第194章 烙印的回响(2/2)
“你的意识将需要长时间、高精度地暴露在敌人的‘计算流’中,”“溯源”警告,“‘逻辑烙印’的同化风险将急剧升高。而且,一旦篡改被察觉,Type-θ可能会立刻启动针对你的、更直接的意识攻击或陷阱。”
“我知道。”林默平静地点头,目光扫过会议室里每一张写满担忧的脸,“但如果我们什么都不做,就是在坐视敌人将整个战场变成它们的‘主场’。我们的‘生态防御’、‘历史记忆共鸣’甚至‘反逻辑模因’,在未来高度‘预优化’的敌人面前,效果都可能大打折扣。这是我们为未来争取生机必须支付的代价。”
又是一番激烈的争论、风险评估和预案制定。最终,“逆向编译与陷阱植入”计划被批准,但附加了史上最严格的安全条款:林默每次操作时间不得超过极短的预设阈值;沈渊团队必须提供最高强度的实时意识稳定支持;节点将准备多套应急方案,包括在必要时强行将林默的生理状态转入深度休眠以切断连接。
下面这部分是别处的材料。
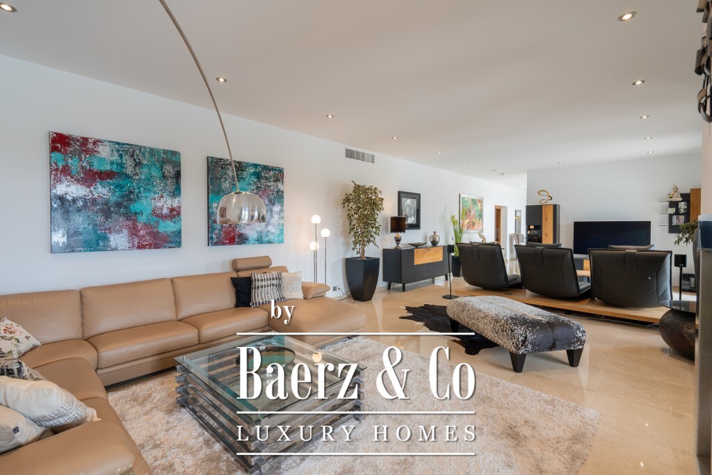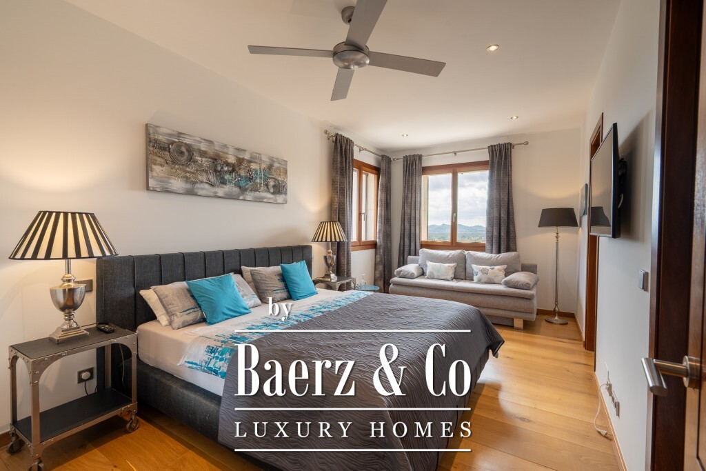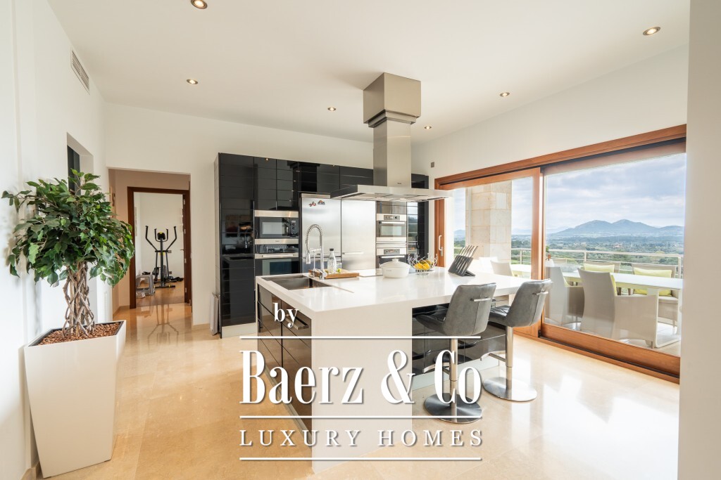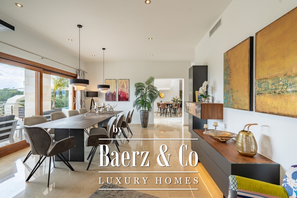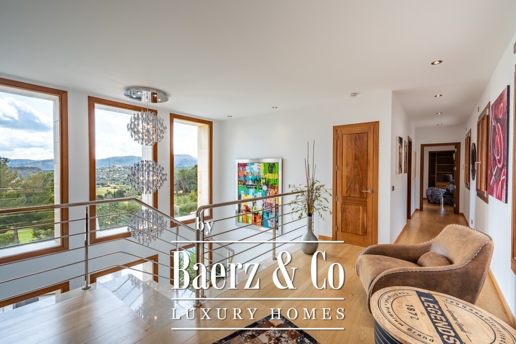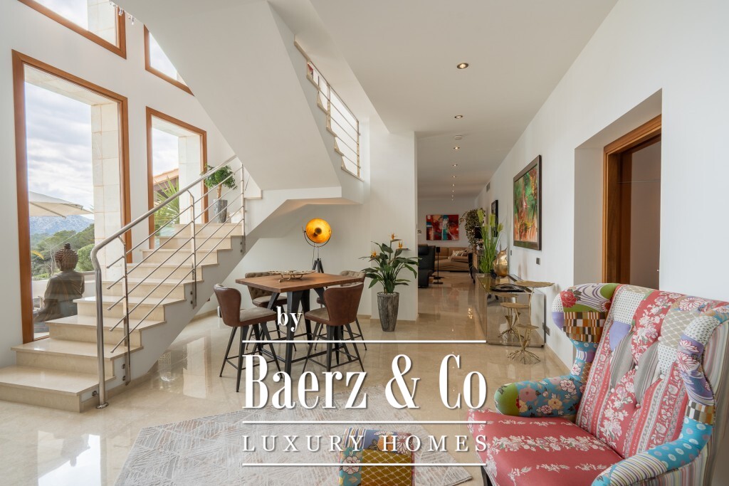 Mediterranean villa Pollença stands as a rare offering in one of the island's most sought-after settings, surrounded by just 20 exclusive residences and directly bordering a 9-hole golf course. Spanning a 2,319 m² plot and offering 672 m² of living area, this villa is poised above the landscape, delivering panoramic sea and mountain views that extend across the greens towards the bays of Pollensa and Alcudia. The south-facing orientation enhances the light-filled interiors, while intelligent landscaping guarantees complete seclusion for the pool, terraces, and gardens.

行动在高度保密和紧张的氛围中展开。林默的“手术室”是一个被多重规则屏障包裹的、极度静谧的共鸣单元。她连接上强化后的感知与解析阵列,沈渊团队在外围构筑起坚实的意识护盾。
第一次尝试,目标是解析一个发生在某条次要“规则脉络”交汇点的、关于“局部应力消解最优路径”的预计算事件。
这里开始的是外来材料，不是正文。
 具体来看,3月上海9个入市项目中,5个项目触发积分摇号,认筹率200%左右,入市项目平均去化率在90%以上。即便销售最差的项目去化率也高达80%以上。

林默的意识小心翼翼地“贴近”那个正在发生微妙规则畸变的点。瞬间,一股冰冷、高效、纯粹追求数学优美的“计算流”涌入她的感知。这一次,她没有抵抗,反而主动让意识中的“逻辑烙印”部分与之共振,试图“同步”其思维节奏,以第一视角去“体验”这次计算。
过程如同将自己变成一滴水,融入一条由纯逻辑构成的冰冷溪流。她“看到”了无数个变量在舞蹈,看到约束条件如何被优雅地满足,看到目标函数如何被一步步推向极值。她甚至能“感觉”到,计算完成后,那个“最优解”如何被转化为一组极其精妙的规则参数变动,悄无声息地烙印在本地结构的一个特定“相位”上。
解析成功。她获得了这种类型预计算的“逻辑指纹”和“暂存”方式的样本。
但与此同时,她也感到意识中那份“逻辑烙印”变得更加活跃和“舒适”,仿佛回到了熟悉的家园。退出同步时,她花了好几分钟进行“认知复位”,才将那冰冷的计算快感和对“完美解”的留恋从心头驱散。
有了第一次的经验,后续的解析效率有所提升。林默和“溯源”团队逐渐建立了一个关于Type-θ“预计算”模式的分类数据库。她们发现,这些计算虽然底层逻辑一致,但根据目标(构建、破坏、疏导、伪装等)和适用环境的不同,衍生出了数百种高度优化的“子程序”。
接下来是更危险的“陷阱植入”。林默选择了一个预测中可能用于未来“高能规则聚焦攻击”的预计算点。当计算即将完成,“最优解”开始向规则结构“写入”的瞬间,林默出手了。
她的意识如同一根比发丝还细的规则“探针”,以难以想象的精密度,“刺入”了那个正在形成的参数结构。她没有改变主要参数,而是在一个负责计算“能量注入时序微调”的辅助变量中,极其轻微地调整了其依赖的某个环境常数参考值——这个参考值来源于对当前区域“晶化”程度的采样,而林默的篡改,使其略微高估了区域的“结构稳定性”。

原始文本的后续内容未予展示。